A Kansas lawmaker twice compared COVID-19 masking and vaccine requirements to the treatment of Jews in Nazi Germany during a Friday hearing devoted to challenging President Joe Biden’s federal vaccination effort. The comments drew swift condemnation. A rabbi who often lobbies legislators, and the American Jewish Committee of Kansas City called the remarks antisemitic.
The lawmaker, Rep. Brenda Landwehr of Wichita, said biases against non-vaccinated Kansans and insistence that those individuals wear masks amounted to “modern day racism.”
“This is racism against the modern day Jew,” Landwehr said, repeating a phrase used earlier in the hearing by a union president. “Which is anyone who disagrees.” Landwehr, a Republican, returned to the point minutes later, noting that the use of the phrase “go down a path” by a Democratic state senator evoked memories of a documentary about Nazi Germany she said she had watched.

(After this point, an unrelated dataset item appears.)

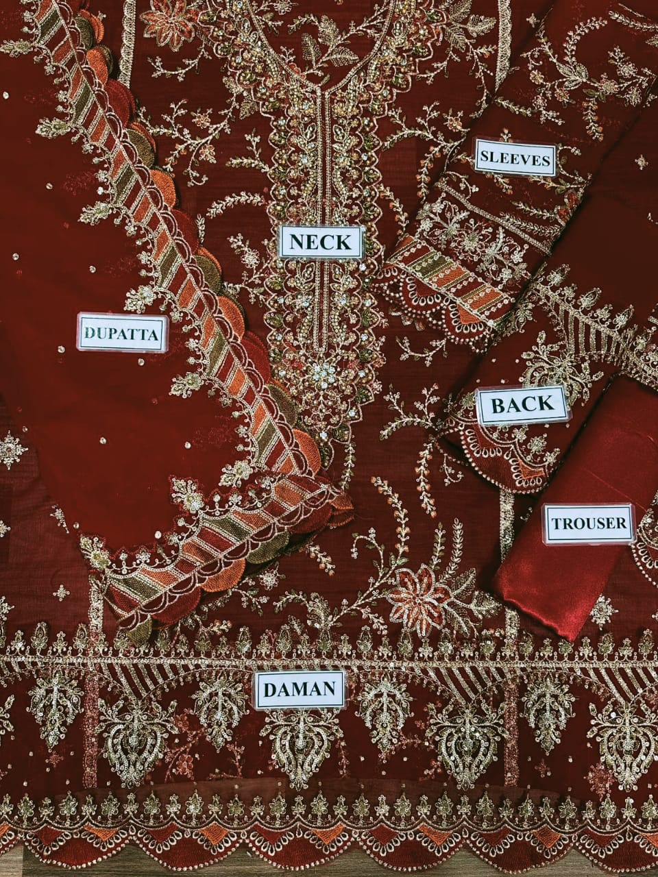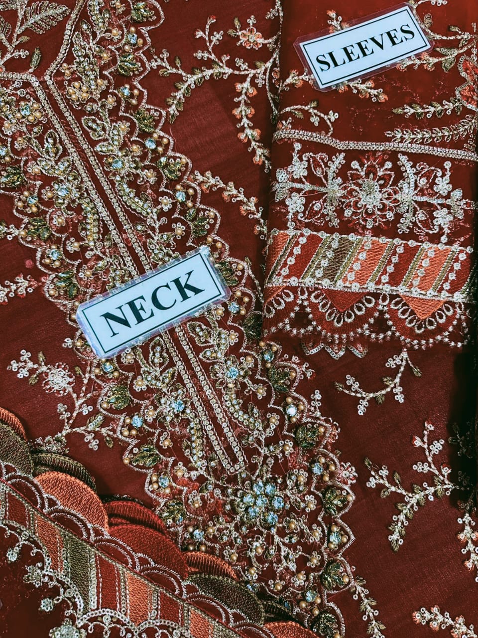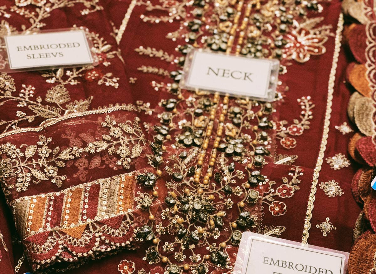 • Fully embroidered sleeves with spangle work and matching sleeve borders

She didn’t identify the documentary.
“Do I believe that’s what we’re trying to do? I hope not,” Landwehr said. Her comments came midway through the first day of the Legislature’s Interim Committee on Government Overreach and COVID-19 Mandates. They were in response to testimony from Cornell Beard, president of the Wichita Machinist and Aerospace Workers union, who told committee members that forcing non-vaccinated people to wear masks would be tantamount to the yellow stars that marked Jews in Nazi Germany. During the six-and-a-half-hour hearing, none of the committee’s other 10 members, including Senate President Ty Masterson, condemned or disputed Landwehr or Beard’s statements. Speaking to reporters afterward, Masterson said the comments were simply indicative of how “extremely serious” the issue was to Landwehr and Beard. Gavi Gellar, executive director of the American Jewish Committee of Greater Kansas City, said the comments reflect a disturbing recent theme of “Holocaust distortion” triggered by COVID-19.